> EXERCISE DESCRIPTION:
Only the lines from the one with "At the end of" through the last line of the data below are to be duplicated, exactly and without pictures.

> DATASET SECTION:
##########

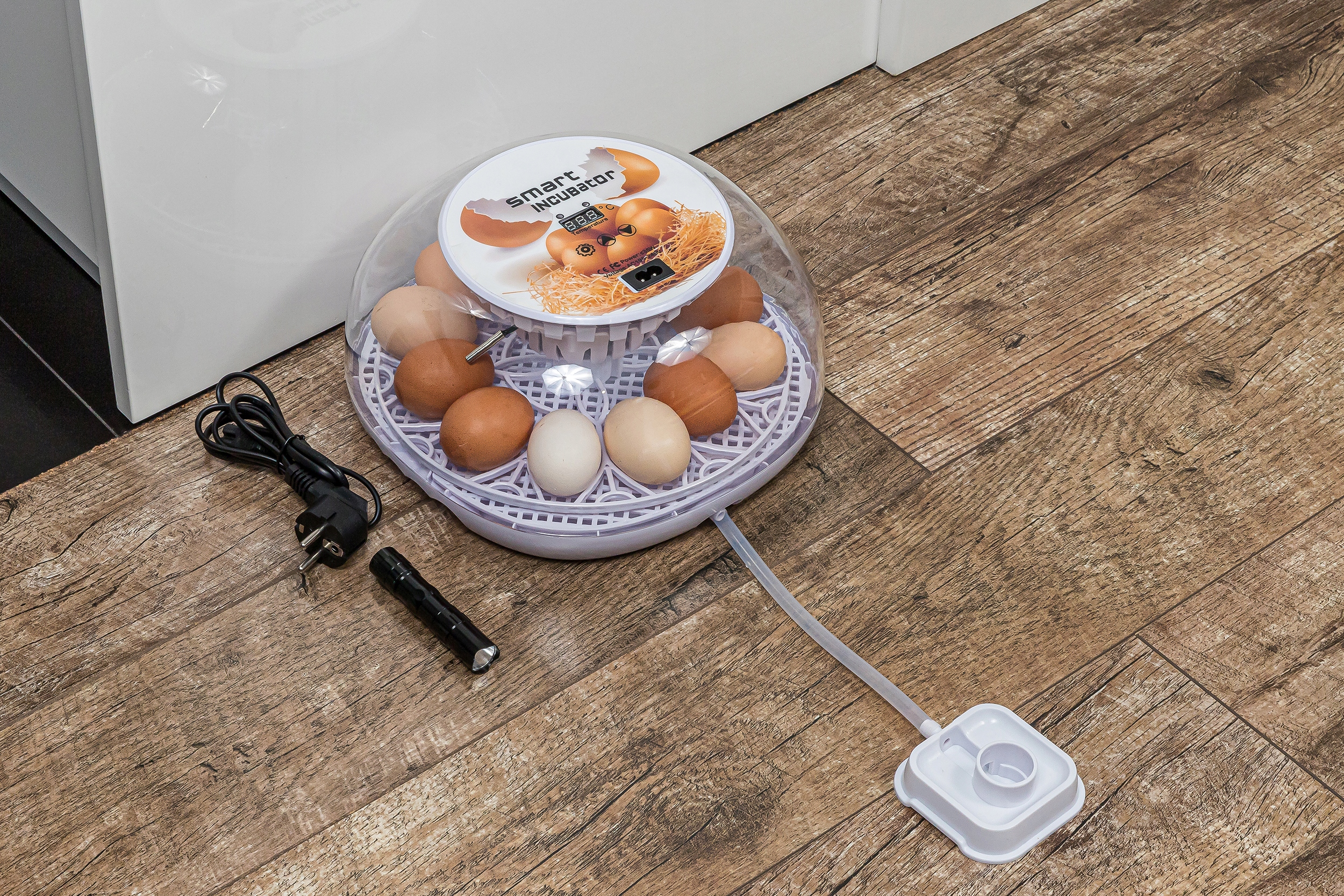 Професійний інкубатор призначений для висиджування максимум 12 курячих яєць. Інкубатор оснащений автоматичним цифровим контролем постійної температури.
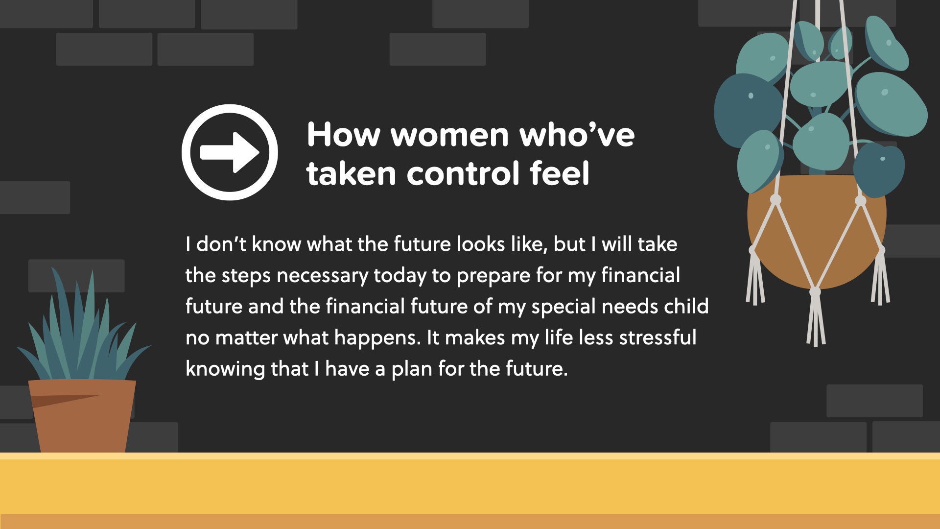 At the end of Val’s chapter, we hope the reader feels that she can take the steps necessary today to prepare for an uncertain financial future for herself and her child. Importantly, having plans in place now will help reduce the stress that caregivers already have in their lives.
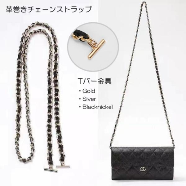 チェーンショルダーストラップ Tバー金具 レザー編み込み 取替交換用 バッグ 財布 斜め掛け クロスバック 単品 レディース ファッション小物

##########

> RESPONSE:
 At the end of Val’s chapter, we hope the reader feels that she can take the steps necessary today to prepare for an uncertain financial future for herself and her child. Importantly, having plans in place now will help reduce the stress that caregivers already have in their lives.
 チェーンショルダーストラップ Tバー金具 レザー編み込み 取替交換用 バッグ 財布 斜め掛け クロスバック 単品 レディース ファッション小物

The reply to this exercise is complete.